Search code examples
amazon-web-servicesnlb

Internal NLB won't route to instance X when curl to the NLB DNS from same instance X


  • I have an internal of a network-load-balancer (NLB) (resolving to private ips)
  • An NLB listener on port 80 points to a target group. An instance 10.141.80.140 in the target group is the only one.

Problem:
When I am on the instance 10.141.80.140 and curl the DNS of NLB I get no response.
I expect the NLB to redirect to 10.141.80.140 but it doesnt happen.
The NLB DNS only doesnt redirect, when I am on the 10.141.80.140 - the redirection works from other instances in the same subnet

Details:

  • The security group around the EC2 10.141.80.140 is world open, inbound and outbound
  • When I curl the NLB DNS from another instance 10.141.80.122 in the same subnet with the same security group and other settings - NLB resolves correctly to 10.141.80.140
  • When I curl the NLB DNS from the instance, to which NLB should resolve 10.141.80.140 - NLB DOESNT resolve to 10.141.80.140
  • When I curl the instance ip 10.141.80.140 from the instance 10.141.80.140 - I get a response
  • When I curl the instance ip 10.141.80.140 from the instance 10.141.80.122 - I get a response

Question:
Is there something, what prevents NLB to resolve the request of an instance, which would route back to the instance, within the NLB listeners target group?

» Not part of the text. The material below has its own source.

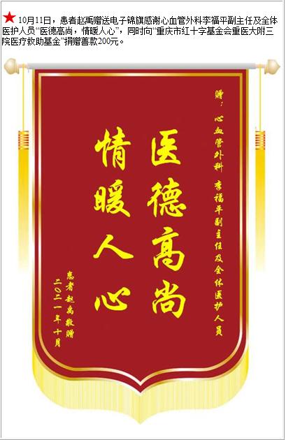患者赵禹赠送电子锦旗感谢心血管外科李福平副主任及全体医护人员,并向医疗救助基金捐赠善款200元-锦旗-患者心声-患者服务-重庆医科大学附属第三医院【官方网站】
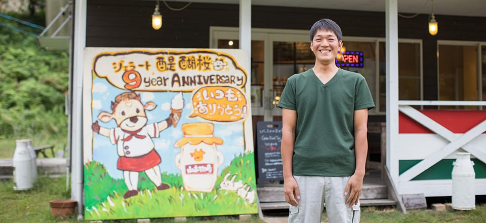 はい。出身は真庭市落合で、高校まで市内の普通科高校に通っていました。そのあとは、大阪の専門学校のペットビジネス科というコースに通いました。高校時代の友達はみんな大学に進学したんですが、自分も大学に行ってまでバリバリ勉強するのか・・?ともやもやしていました。 もともと僕は、「酪農を継げ」というのは一切言われていなかったんです。僕が学生の頃は景気も悪かったし、むしろやるなと言われていたくらいで…。どうせ勉強するなら好きなことに対して全力でのめり込みたいと思っていた矢先、その専門学校を見つけました。 1年生の頃、先輩が校内のトリマーのコンテストで優勝されたのがすごくかっこよくて、僕もそのコンテストに出てみたいと思いました。でも、通っていたコースではトリマーの勉強ができなかったので、先輩に弟子入りして修行して、2年生の時に大会に出場することができました。それがきっかけで、店舗の人に「トリマーのアルバイトに来ないか?」と声を掛けてもらえて、その後、就職までさせていただくことになりました。 5年目ぐらいの頃にチーフになったのですが、そろそろ独立するかと考えていた時期にふらっと地元に帰ったら、親父がすごく楽しそうに酪農の仕事をしてたんです(笑)。しんどい仕事のはずなのですが、実際に見たら笑顔で仕事をしていたのが、大阪に戻ってからもずっと印象に残っていていました。どうも気になるからもう一回地元に帰って、それまで一切何もやったことがなかった両親の酪農の仕事を手伝ってみました。 だんだんと興味が沸いてきて、とりあえず1年ぐらい続けてみたら酪農の方が全然性に合っているし、酪農から派生して何かやりたいなと思っていたらこのジェラートの店をオープンしちゃったし、もう大阪には戻れないなと。そんな感じで今に至ります(笑)。 でも・・・今から考えたら、大阪の専門学校に通っていた間も、どこか頭の片隅に「酪農」というワードが引っかかっていたような気がします。例えば乳製品を使って何か作ってみたいなと、ふわっとした興味レベルでしたが思っていましたね。 |

enter image description here


Solution

  • that is a well-know behavior that I am going to be glad to explain. Network Load Balancer introduced the source address preservation feature - the original IP addresses and source ports for the incoming connections remains unmodified. When the target answers a request, the VPC internals capture this packet and forwards it to the NLB, which will forward it to its destination.

    This behavior has a side effect: when the OS kernel detects that the egress packet has as the destination address one of the local addresses, it will forward this packet directly to the application.

    For example, given the following components:

    • We have an internal NLB and a backend instance. Both are deployed in the subnet 10.0.0.0/24.
    • The NLB has the IP 10.0.0.10 and a listener on port 80 that forwards the request to the port 8080.
    • The backend instance has the address 10.0.0.55 and has a web server listening on port 8080. It has a security group that allows all the incoming local traffic.

    • If the instance tries to establish a communication with the NLB; the flow of the communication would be the following:

      • The instance wants to telnet the NLB: it does a request for establish a TCP connection against the NLB DNS name on the port 80.
        • As it is an outgoing communication, it starts from an ephemeral port; the instance sends a SYN packet (1):
          • Source: 10.0.0.55:40000
          • Destination: 10.0.0.10:80
        • The NLB receives the packet and forwards it to the backend instance (10.0.0.55:80).
        • Due the address preservation feature, the backend instance receives a SYN packet with the following information:
          • Source: 10.0.0.55:40000
          • Destination: 10.0.0.55:80
        • The Operation system routes the packet internally (as its destination is the own machine), and here is when the issue happen:
          • The initiating socket is expecting the SYN_ACK from 10.0.0.10:80 (the NLB).
          • However, it receives the SYN_ACK from 10.0.0.55:40000 (the instance itself).
          • The OS will send several TCP_RETRANSMISSION until it times out.

    This will not happen with a public NLB, as the instance will need to do NAT in the VPC to use its public IP address to send the request to the NLB. The kernel will not internally forward the packet.

    Finally, a possible workaround is registering the backends as per their IP address, not by their Instance ID; with this method, the traffic forwarded by the NLB will contain the NLB internal IP as the source IP, disabling the "source address preservation" feature. Unfortunately, if you are launching instances with an AutoScaling Group, it will only be able to register the launched instances by its ID. In case of ECS tasks, configuring the network as "awsvpc" forces the NLB to register each target by its IP.